● **Exercise brief**:
What's needed is an exact copy of all the data below, without pictures.

● **Dataset extract**:

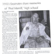 Scanned newspaper clipping from the May 31, 1990 Hutchinson Leader. Hutchinson Class of 1910 classmates Anna Johnson Oleson & Agnes Thompson Peterson shared memories of Hutchinson High School, Professor Merrill, and their early employment and marriage. Includes a composite photo of the Class of 1910.
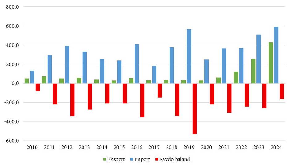 - alyumin va undan tayyorlangan buyumlar (TIF TN 76) eksporti 2020-yilda deyarli eksport qilinmagan bo‘lsa, 2024-yilda eksport hajmi 11.4 million AQSH dollariga yetdi;
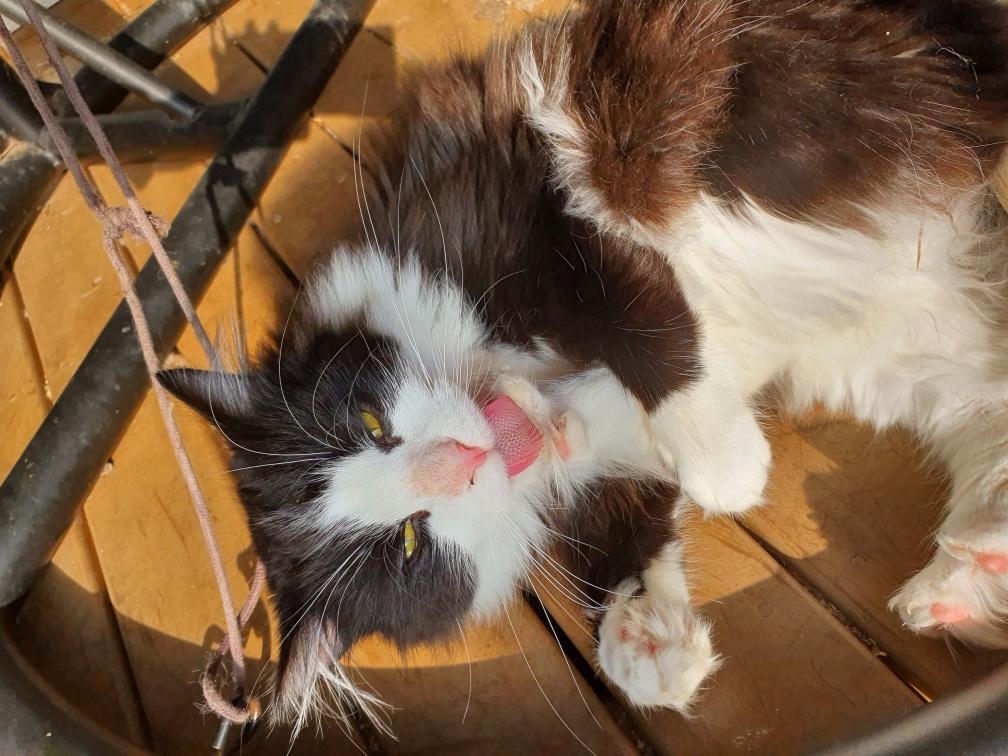 He loves humans and is never far away. Loves loves his toy rat. He proudly carries it around, tosses it in the air, stomps on it and then licks it better. Its going to have to go with him to his forever home! He is not fussy with his food always happy to eat. He is so easy to care for, his beautiful coat is easily brushed though it has a tendency to develop dreadlocks so will need an adopter who is happy to help with his grooming and brushing, he will purr and love you for it. He is otherwise undemanding and gives lots of cuddles and will melt into your lap as you watch tv. He would make an ideal companion for a single, a couple or non threatening family. He would make a much loved family member.

● **Your solution**:
 Scanned newspaper clipping from the May 31, 1990 Hutchinson Leader. Hutchinson Class of 1910 classmates Anna Johnson Oleson & Agnes Thompson Peterson shared memories of Hutchinson High School, Professor Merrill, and their early employment and marriage. Includes a composite photo of the Class of 1910.
 - alyumin va undan tayyorlangan buyumlar (TIF TN 76) eksporti 2020-yilda deyarli eksport qilinmagan bo‘lsa, 2024-yilda eksport hajmi 11.4 million AQSH dollariga yetdi;
 He loves humans and is never far away. Loves loves his toy rat. He proudly carries it around, tosses it in the air, stomps on it and then licks it better. Its going to have to go with him to his forever home! He is not fussy with his food always happy to eat. He is so easy to care for, his beautiful coat is easily brushed though it has a tendency to develop dreadlocks so will need an adopter who is happy to help with his grooming and brushing, he will purr and love you for it. He is otherwise undemanding and gives lots of cuddles and will melt into your lap as you watch tv. He would make an ideal companion for a single, a couple or non threatening family. He would make a much loved family member.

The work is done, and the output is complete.